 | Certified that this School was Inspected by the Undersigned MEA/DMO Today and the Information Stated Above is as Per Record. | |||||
▬▬▬
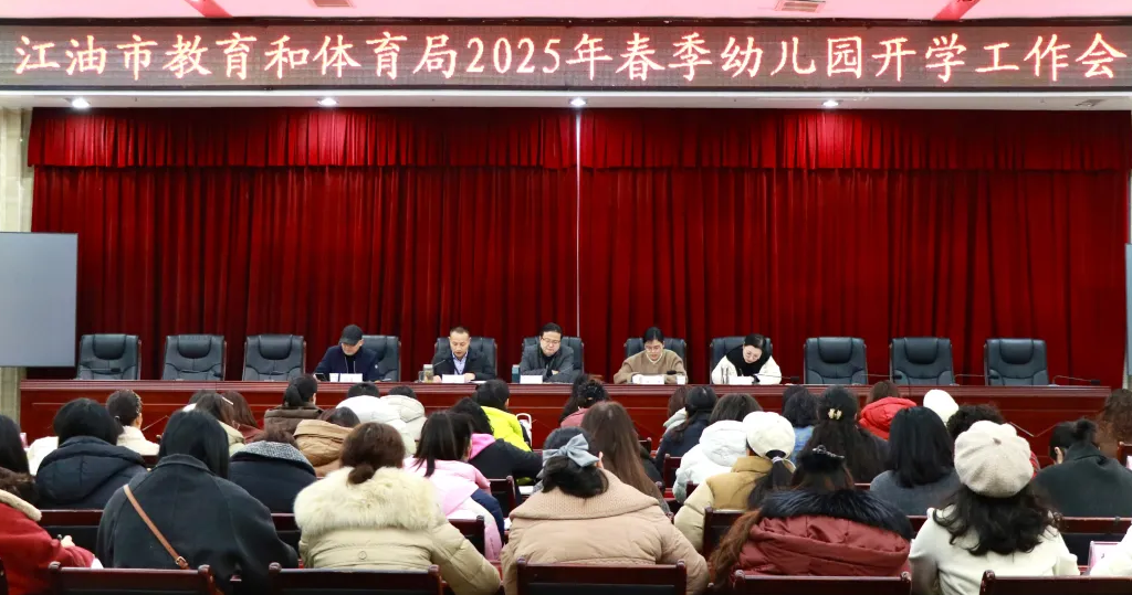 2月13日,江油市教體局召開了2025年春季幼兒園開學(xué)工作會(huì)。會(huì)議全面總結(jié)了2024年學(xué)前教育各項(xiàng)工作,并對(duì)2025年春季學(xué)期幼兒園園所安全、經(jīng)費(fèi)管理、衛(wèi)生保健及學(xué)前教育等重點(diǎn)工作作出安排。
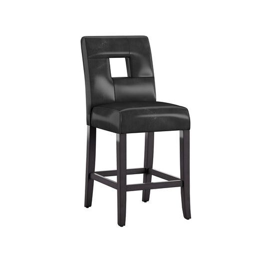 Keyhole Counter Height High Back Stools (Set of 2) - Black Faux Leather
▬▬▬
→ **WHAT THE TASK ASKS**
Copy exactly the lines of the listing above between the one holding "2月13日,江油市教體局召開" and the one holding "Keyhole Counter Height", inclusive; omit all pictures.

→ **SOLVED PROBLEM**
 2月13日,江油市教體局召開了2025年春季幼兒園開學(xué)工作會(huì)。會(huì)議全面總結(jié)了2024年學(xué)前教育各項(xiàng)工作,并對(duì)2025年春季學(xué)期幼兒園園所安全、經(jīng)費(fèi)管理、衛(wèi)生保健及學(xué)前教育等重點(diǎn)工作作出安排。
 Keyhole Counter Height High Back Stools (Set of 2) - Black Faux Leather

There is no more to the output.